Exercise details:
Using the entries that follow, transcribe only the lines from the line with "学院基础数学系主任戴蔚传达了" to the line with "WELLY 65W氮化鎵GaN 三孔極速充電器+USB", both included, exactly as they stand and without pictures.

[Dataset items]
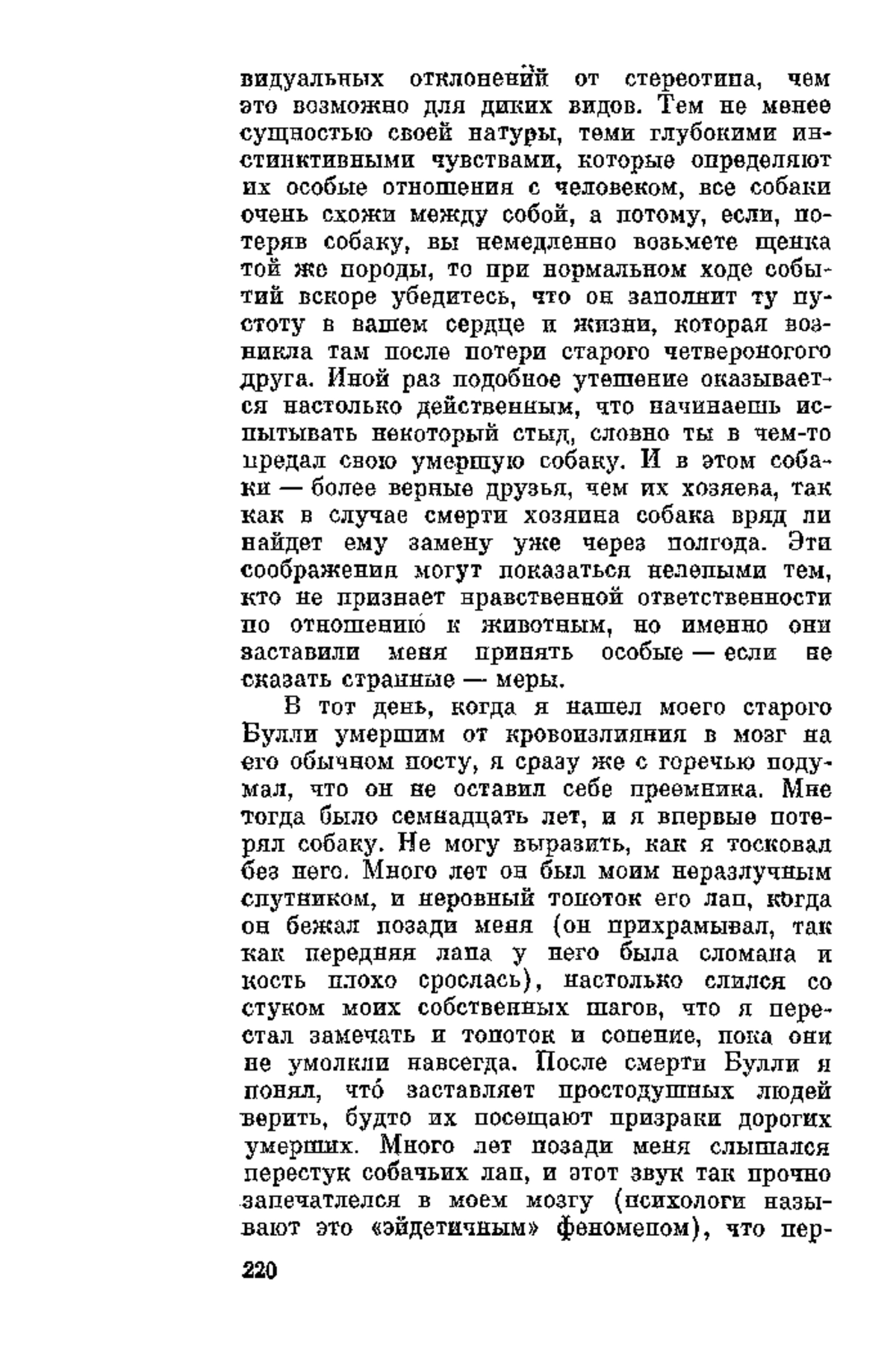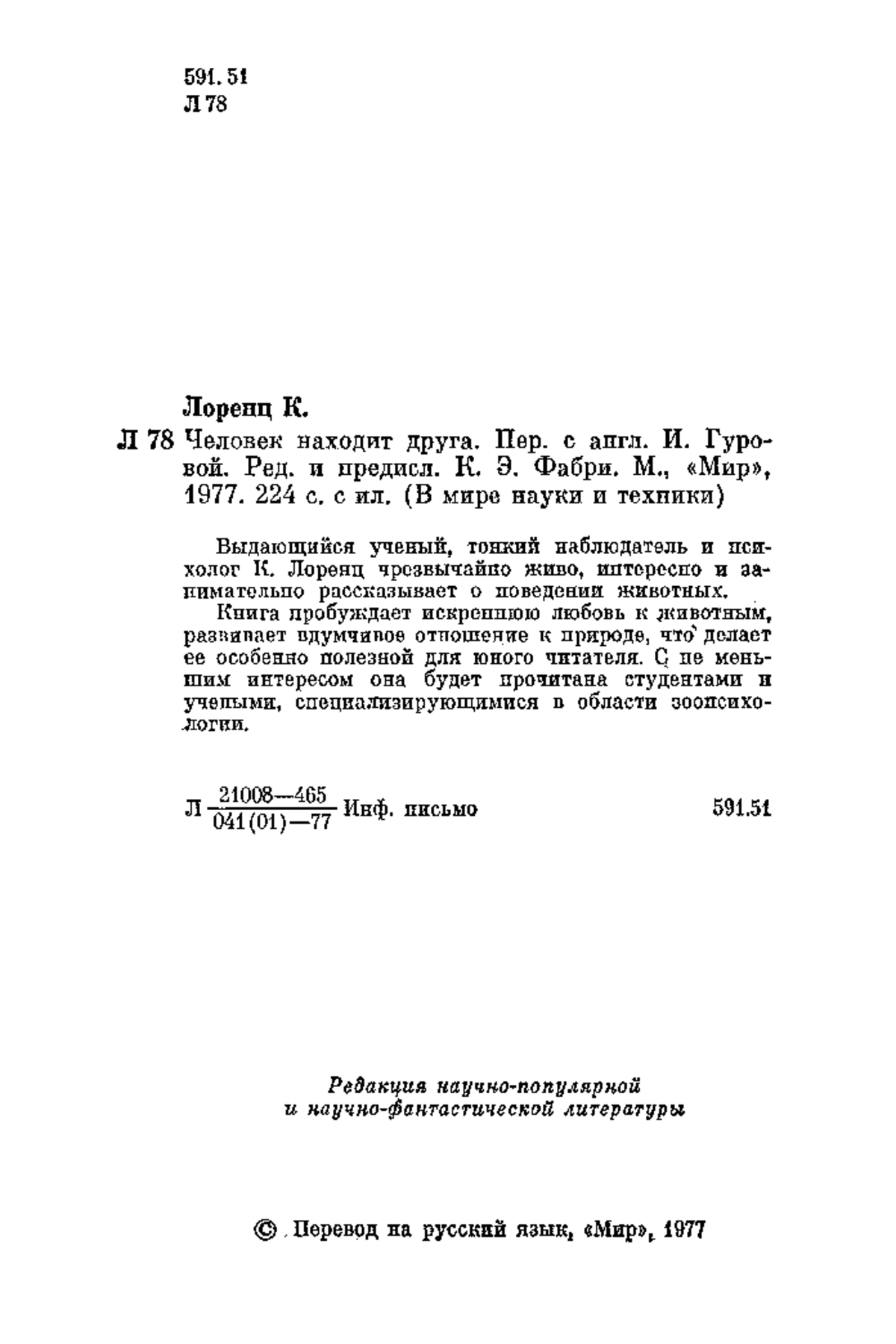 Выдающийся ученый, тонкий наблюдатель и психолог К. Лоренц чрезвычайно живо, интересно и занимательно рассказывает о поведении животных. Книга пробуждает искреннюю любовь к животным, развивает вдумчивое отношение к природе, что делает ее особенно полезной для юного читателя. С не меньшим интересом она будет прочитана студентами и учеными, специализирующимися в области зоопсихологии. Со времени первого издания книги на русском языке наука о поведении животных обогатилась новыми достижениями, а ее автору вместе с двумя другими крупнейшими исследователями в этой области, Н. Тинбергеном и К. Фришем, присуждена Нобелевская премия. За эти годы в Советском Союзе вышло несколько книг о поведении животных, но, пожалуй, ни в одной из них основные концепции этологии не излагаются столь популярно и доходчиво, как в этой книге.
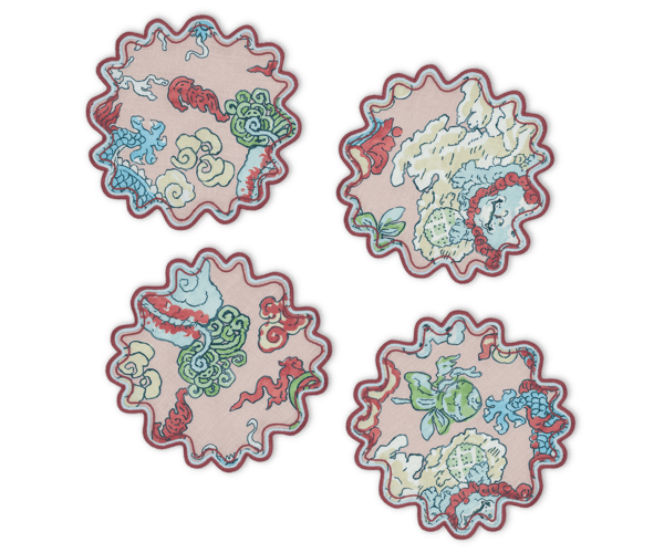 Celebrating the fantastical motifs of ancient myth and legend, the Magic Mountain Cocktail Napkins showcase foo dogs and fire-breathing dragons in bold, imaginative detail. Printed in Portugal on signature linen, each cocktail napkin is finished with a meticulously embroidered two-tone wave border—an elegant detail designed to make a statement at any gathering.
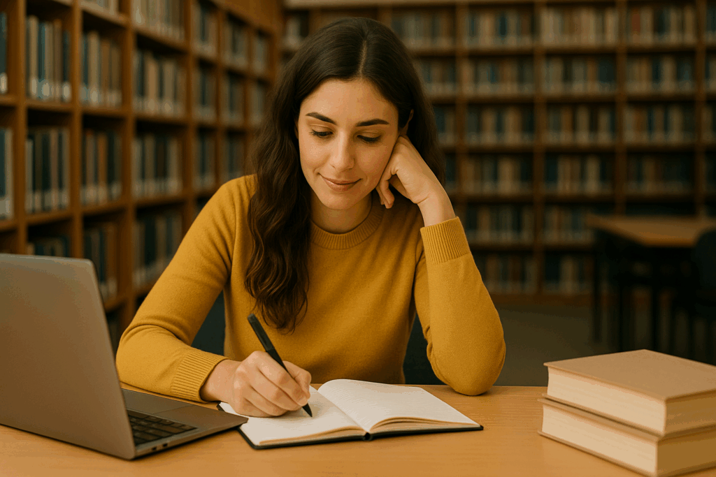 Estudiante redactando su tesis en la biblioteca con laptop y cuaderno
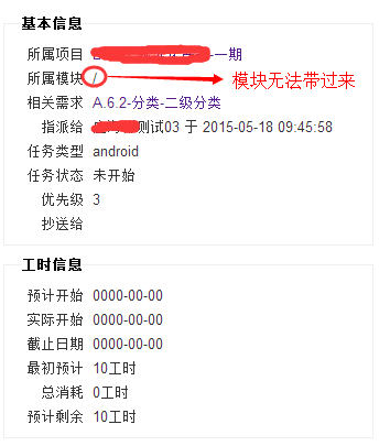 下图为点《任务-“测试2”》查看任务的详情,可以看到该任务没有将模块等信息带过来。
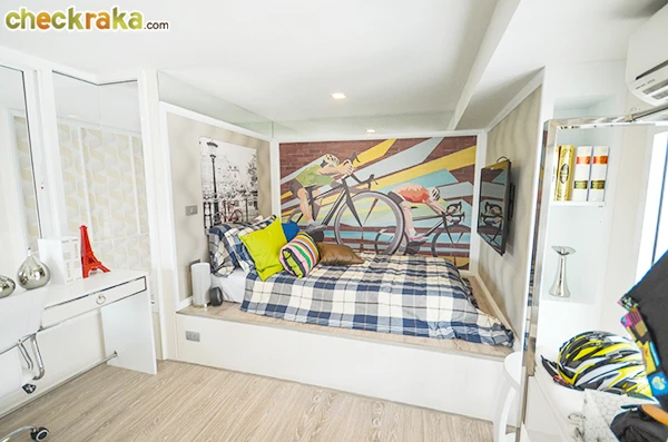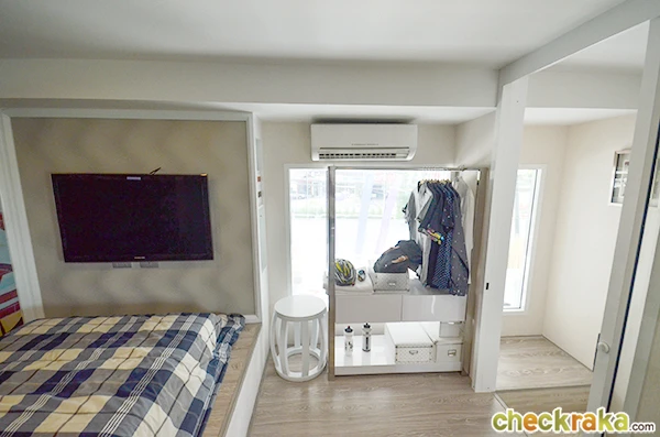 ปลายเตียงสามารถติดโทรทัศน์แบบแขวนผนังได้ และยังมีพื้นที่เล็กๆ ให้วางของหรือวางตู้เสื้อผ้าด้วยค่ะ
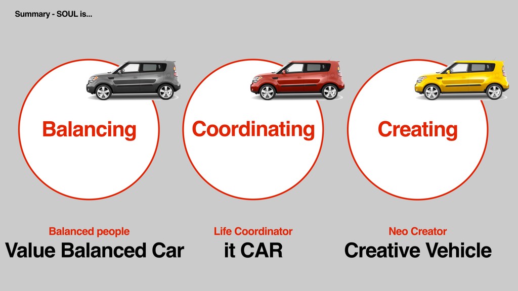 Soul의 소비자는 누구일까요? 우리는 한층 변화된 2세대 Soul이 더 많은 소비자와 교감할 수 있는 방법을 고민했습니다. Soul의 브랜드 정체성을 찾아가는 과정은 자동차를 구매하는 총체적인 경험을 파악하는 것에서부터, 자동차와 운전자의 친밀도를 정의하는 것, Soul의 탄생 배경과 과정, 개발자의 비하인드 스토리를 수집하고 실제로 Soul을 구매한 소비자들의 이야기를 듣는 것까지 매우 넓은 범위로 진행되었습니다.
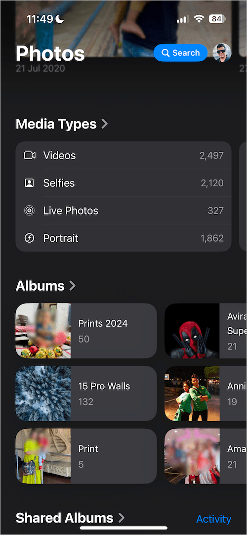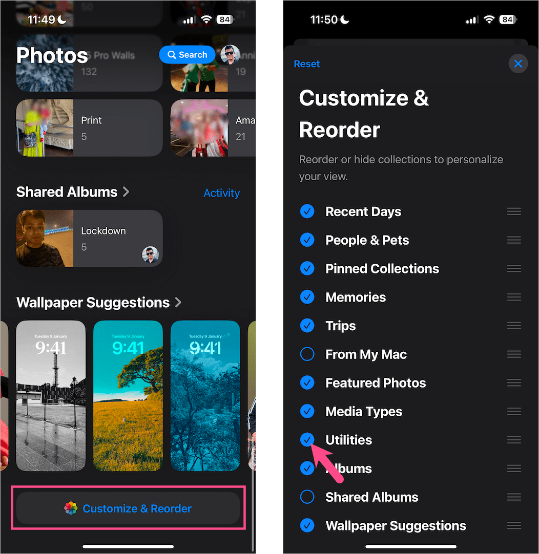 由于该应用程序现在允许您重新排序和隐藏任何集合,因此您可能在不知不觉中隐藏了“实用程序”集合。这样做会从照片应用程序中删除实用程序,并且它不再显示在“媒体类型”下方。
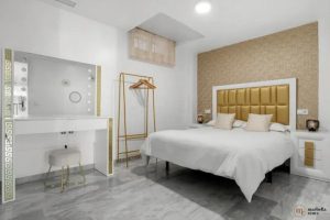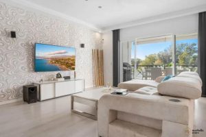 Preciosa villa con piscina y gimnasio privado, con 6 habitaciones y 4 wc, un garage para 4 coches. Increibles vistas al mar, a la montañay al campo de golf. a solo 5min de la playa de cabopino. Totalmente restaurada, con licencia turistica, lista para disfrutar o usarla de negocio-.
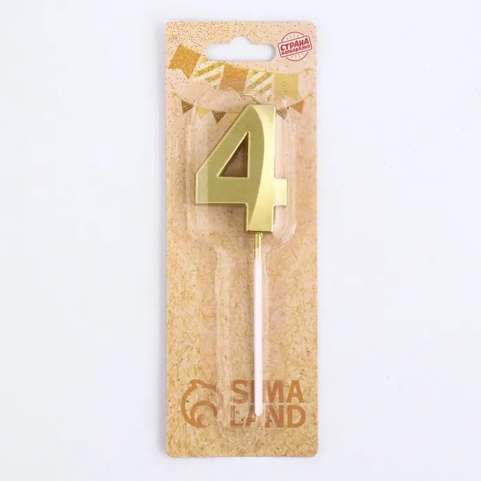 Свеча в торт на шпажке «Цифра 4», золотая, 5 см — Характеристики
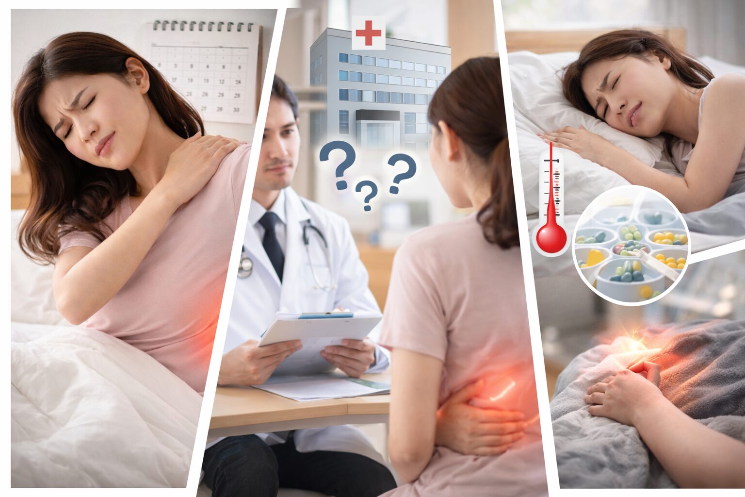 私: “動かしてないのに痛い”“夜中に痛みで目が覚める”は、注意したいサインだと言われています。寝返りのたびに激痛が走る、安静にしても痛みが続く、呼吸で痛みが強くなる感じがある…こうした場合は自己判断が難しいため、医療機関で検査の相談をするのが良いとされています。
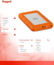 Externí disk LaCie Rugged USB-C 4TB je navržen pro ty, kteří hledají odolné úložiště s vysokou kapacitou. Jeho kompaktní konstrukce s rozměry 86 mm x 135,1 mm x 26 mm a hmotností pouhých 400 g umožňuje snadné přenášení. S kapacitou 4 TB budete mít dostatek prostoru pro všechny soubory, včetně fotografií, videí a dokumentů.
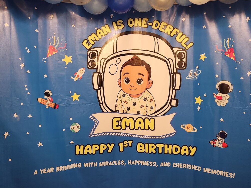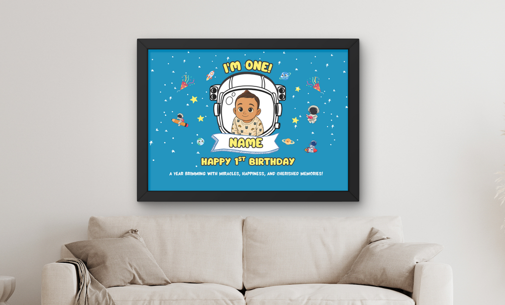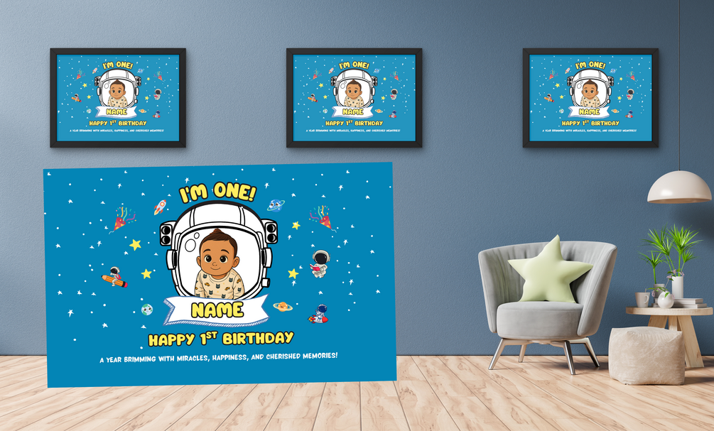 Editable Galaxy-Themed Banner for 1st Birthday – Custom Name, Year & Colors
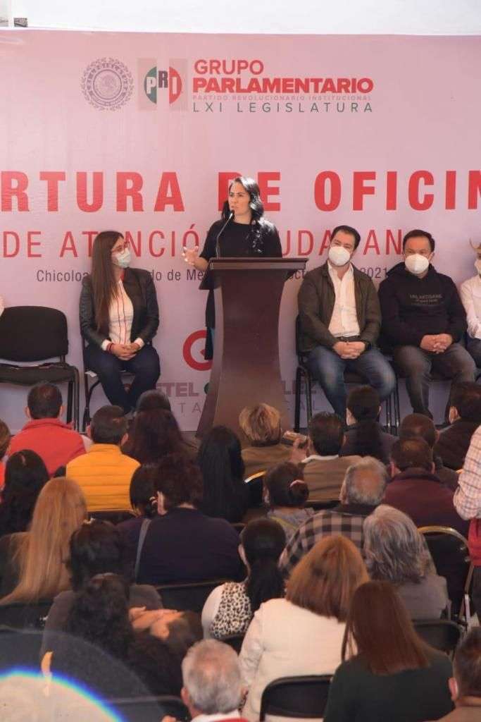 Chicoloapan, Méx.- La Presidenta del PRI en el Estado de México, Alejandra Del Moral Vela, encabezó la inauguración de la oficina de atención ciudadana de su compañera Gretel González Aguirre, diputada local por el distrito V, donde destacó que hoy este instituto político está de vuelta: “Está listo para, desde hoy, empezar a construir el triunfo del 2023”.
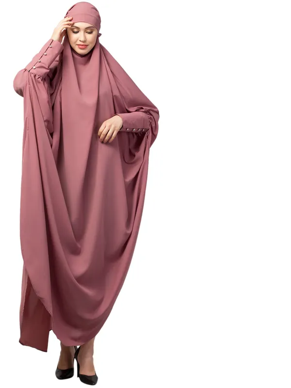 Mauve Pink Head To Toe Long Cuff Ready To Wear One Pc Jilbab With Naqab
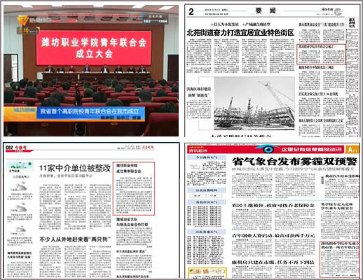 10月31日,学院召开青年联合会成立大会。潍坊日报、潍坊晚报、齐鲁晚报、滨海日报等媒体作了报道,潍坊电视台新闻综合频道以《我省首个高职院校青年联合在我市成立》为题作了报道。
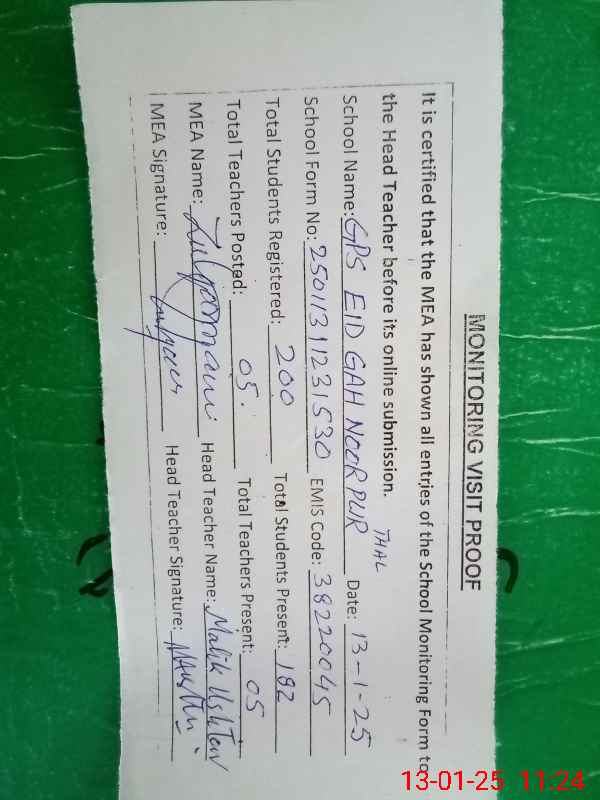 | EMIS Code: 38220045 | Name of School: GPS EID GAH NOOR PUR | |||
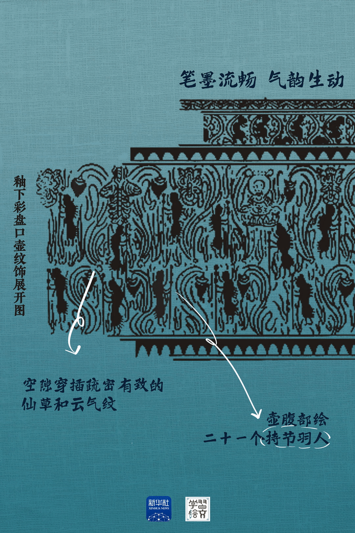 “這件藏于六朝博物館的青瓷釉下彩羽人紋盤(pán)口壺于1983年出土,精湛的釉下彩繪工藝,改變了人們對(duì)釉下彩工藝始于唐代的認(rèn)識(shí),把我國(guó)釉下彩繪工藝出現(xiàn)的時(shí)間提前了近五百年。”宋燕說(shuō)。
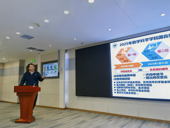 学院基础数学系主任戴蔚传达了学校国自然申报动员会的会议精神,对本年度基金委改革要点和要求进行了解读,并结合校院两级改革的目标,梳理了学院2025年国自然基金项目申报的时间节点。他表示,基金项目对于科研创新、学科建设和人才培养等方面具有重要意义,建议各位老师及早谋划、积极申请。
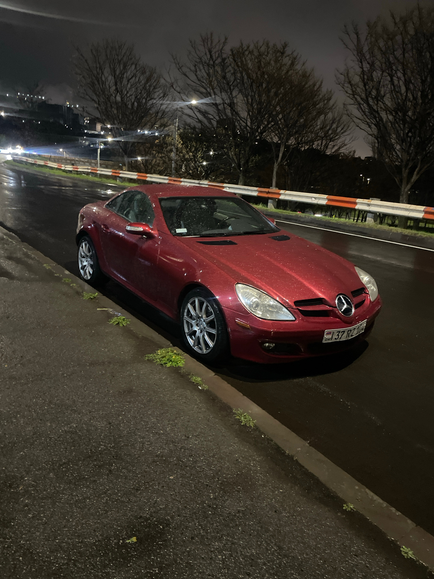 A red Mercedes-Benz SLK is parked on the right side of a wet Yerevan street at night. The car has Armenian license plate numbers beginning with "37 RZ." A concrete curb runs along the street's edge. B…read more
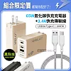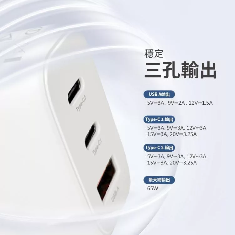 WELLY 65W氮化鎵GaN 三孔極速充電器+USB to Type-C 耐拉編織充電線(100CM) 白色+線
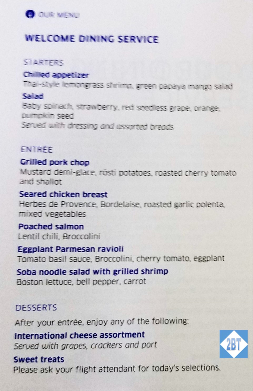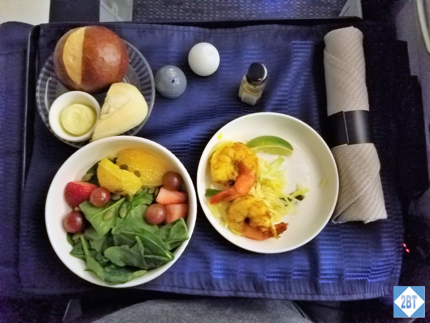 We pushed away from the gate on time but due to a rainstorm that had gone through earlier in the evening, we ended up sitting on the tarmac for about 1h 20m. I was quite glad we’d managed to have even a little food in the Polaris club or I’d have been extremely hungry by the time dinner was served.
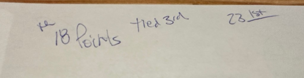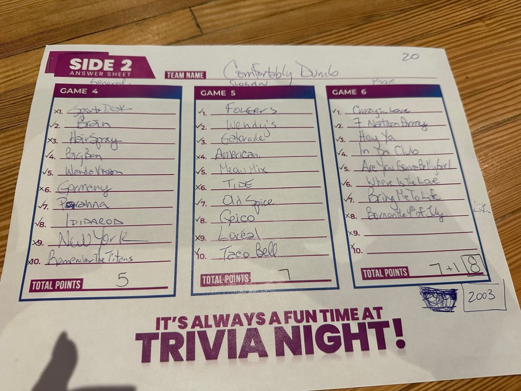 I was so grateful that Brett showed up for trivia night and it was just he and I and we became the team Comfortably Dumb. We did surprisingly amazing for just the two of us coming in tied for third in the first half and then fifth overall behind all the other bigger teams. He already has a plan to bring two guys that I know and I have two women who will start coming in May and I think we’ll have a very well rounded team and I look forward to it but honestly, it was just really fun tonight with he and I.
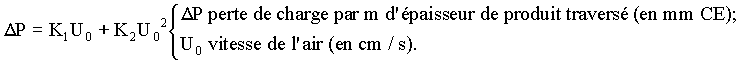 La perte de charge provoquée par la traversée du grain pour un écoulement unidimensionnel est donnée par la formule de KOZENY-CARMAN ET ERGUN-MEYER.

Response below:
 学院基础数学系主任戴蔚传达了学校国自然申报动员会的会议精神,对本年度基金委改革要点和要求进行了解读,并结合校院两级改革的目标,梳理了学院2025年国自然基金项目申报的时间节点。他表示,基金项目对于科研创新、学科建设和人才培养等方面具有重要意义,建议各位老师及早谋划、积极申请。
 A red Mercedes-Benz SLK is parked on the right side of a wet Yerevan street at night. The car has Armenian license plate numbers beginning with "37 RZ." A concrete curb runs along the street's edge. B…read more
 WELLY 65W氮化鎵GaN 三孔極速充電器+USB to Type-C 耐拉編織充電線(100CM) 白色+線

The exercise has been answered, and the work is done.